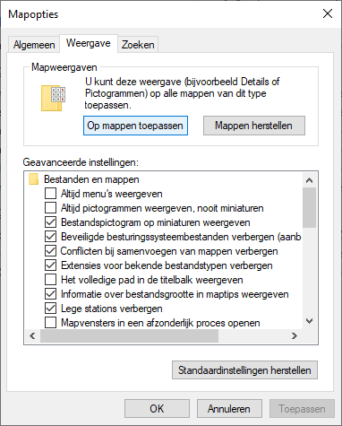 Als je een bepaalde weergave voor alle mappen in Verkenner wilt, doe dan nog het volgende, na je aanpassing van één map:
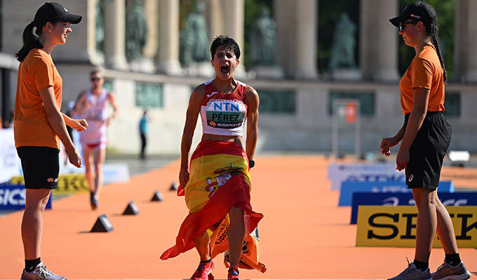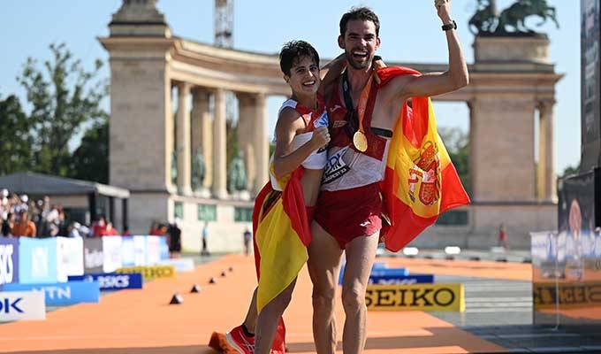 La marcha española se ha encumbrado como nunca en los mundiales de atletismo de Budapest al conseguir dos dobletes de oro históricos e inéditos en los 20 y los 35 km marcha. El emotivo abrazo entre los dos protagonistas, María Pérez y Álvaro Martín, al cruzar esta última la línea de meta en la mañana de este jueves, día 24 de agosto, era toda una explosión de emociones, de alegría, de recuerdos de lo sufrido para llegar hasta aquí.
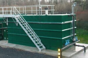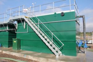 The balance chamber is used to control the forward flow of the effluent; it is sized to allow a certain amount of effluent to be stored in the chamber. Once this level is reached the effluent is pumped on to the next stage of the process, this allows the flow of effluent is regulated so that a specific retention time through the second stage can be achieved.
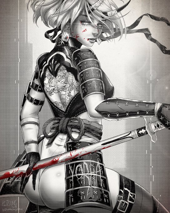 1 8 "Everything that lives is designed to end. We are perpetually trapped...in a never-ending spiral of life and death." —2B in the Prologue. #2B #Samurai 5/6 of my #sixfanarts 20/07/05 09:30
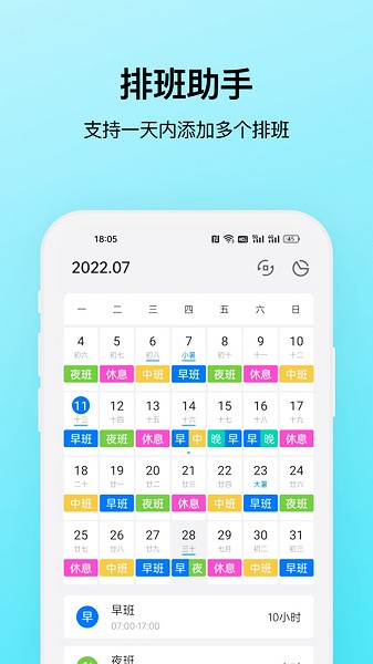 5、排班助手界面清晰简洁,一目了然。
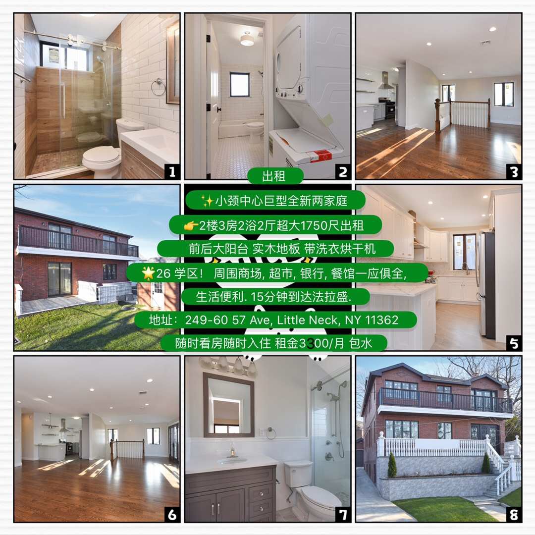 【出租】1⃣️little neck 小颈全新豪宅二楼出租1700多尺 双阳台 三房两浴 带洗衣烘干机 随时入住 需好信用 欢迎各国租客 租3300/月 包水 2⃣️另高地下室出租 三房一浴 2200全包 联系:Steve钟📞516-545-9999
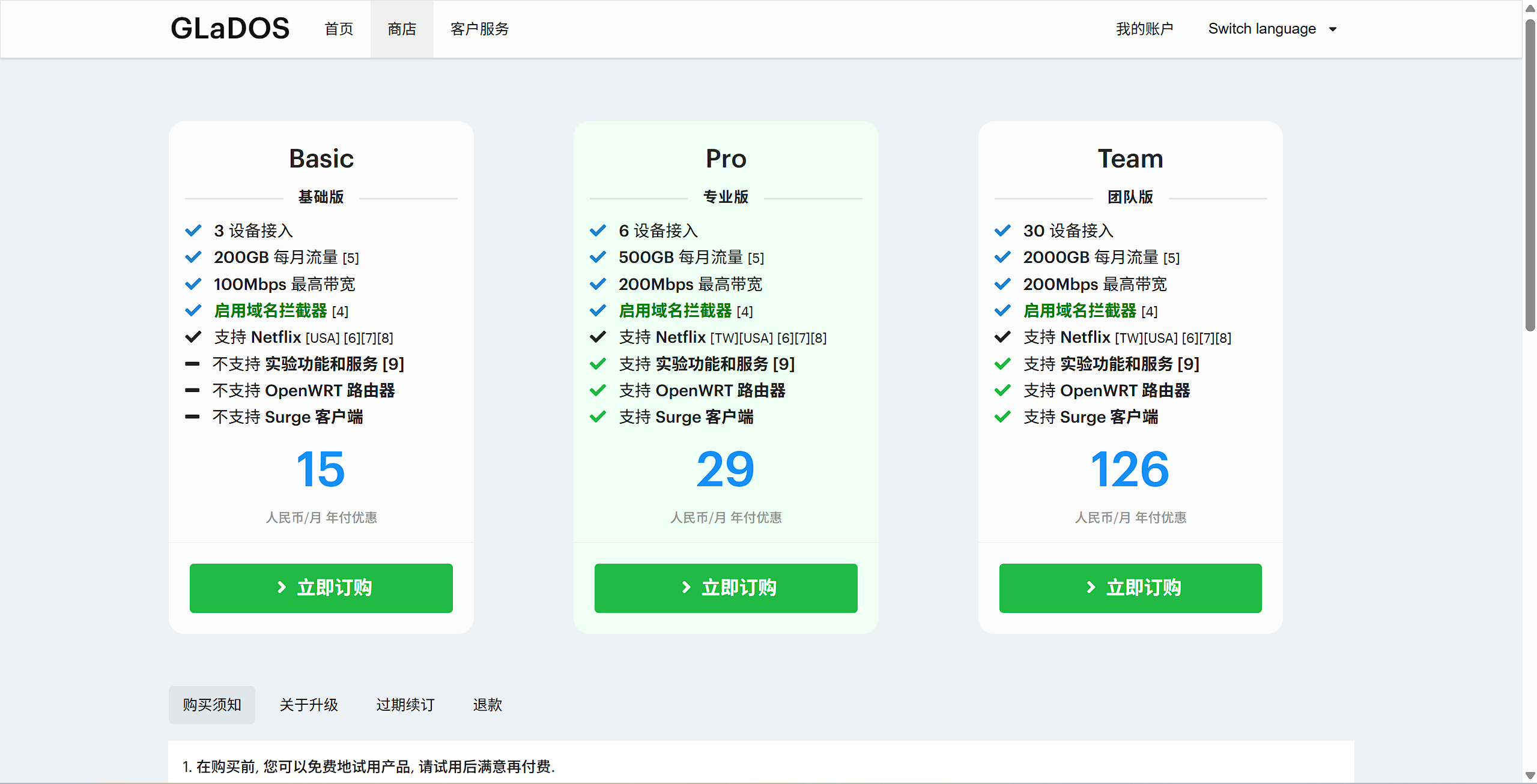 您也可以通过本站专属GLaDOS链接注册(不需要手机号注册),并使用GLaDOS邀请码:GRX9F-FD7RO-0YT19-MI0A7 注册账户,送免费流量,还能享受特别活动优惠。如果平常就是刷刷facebook和twitter,2个外卖的钱就可以拥有Pro专业版的月套餐了,支持6个设备同时在线使用,一个月500G流量,并且还可以解锁Netflix等流媒体视频。如果有长期科学上网需求并且讲究性价比的话,我这里推荐您使用200天或400天的Pro专业版套餐,流量充足,而且套餐价格非常划算,性价比超高。
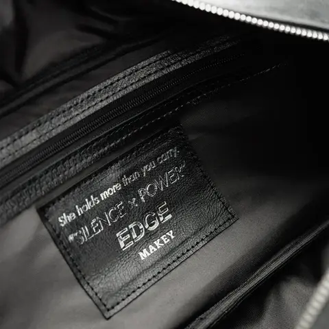 Edge — грань между формой и свободой. Компактная кожаная сумка-багет для тех, кто выбирает легкость без компромиссов. Уникальная геометрия силуэта задает ритм — четкий, но не жесткий. Дизайнерский элемент — объемная 3D-печать с посланием Just Be — работает как манифест коллекции Silence x Power: быть собой, без усилий доказать. Регулируемые ремни дают выбор — носить в руке для точного образа или на плече для движения в потоке дня. Внутри — продуманная организация: основное отделение для главного и компактный карман для того, к чему нужен мгновенный доступ — телефон, карты, ключи. Никакого перегруза — только суть.Натуральная кожа черный эсквайр — особенность, которая делает каждую сумку уникальной. Этот материал живет вместе с владельцем: в процессе носки кожа трансформируется, создавая индивидуальный рисунок. Две одинаковые сумки через время становятся разными — история использования отпечатывается на поверхности. Форма багета держит структуру, оставаясь мягкой к телу. Универсальная в контексте — от делового дня до вечерней встречи.
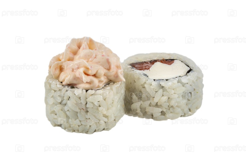 Суши с рисом и тунцом крупным планом на белом фоне
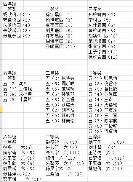 二等奖一4、一5、一11 二10、二3、二4、二6
......
Only the lines from the top of the material through the line containing "The balance chamber" should be written out, exactly and without pictures.

 Als je een bepaalde weergave voor alle mappen in Verkenner wilt, doe dan nog het volgende, na je aanpassing van één map:
 La marcha española se ha encumbrado como nunca en los mundiales de atletismo de Budapest al conseguir dos dobletes de oro históricos e inéditos en los 20 y los 35 km marcha. El emotivo abrazo entre los dos protagonistas, María Pérez y Álvaro Martín, al cruzar esta última la línea de meta en la mañana de este jueves, día 24 de agosto, era toda una explosión de emociones, de alegría, de recuerdos de lo sufrido para llegar hasta aquí.
 The balance chamber is used to control the forward flow of the effluent; it is sized to allow a certain amount of effluent to be stored in the chamber. Once this level is reached the effluent is pumped on to the next stage of the process, this allows the flow of effluent is regulated so that a specific retention time through the second stage can be achieved.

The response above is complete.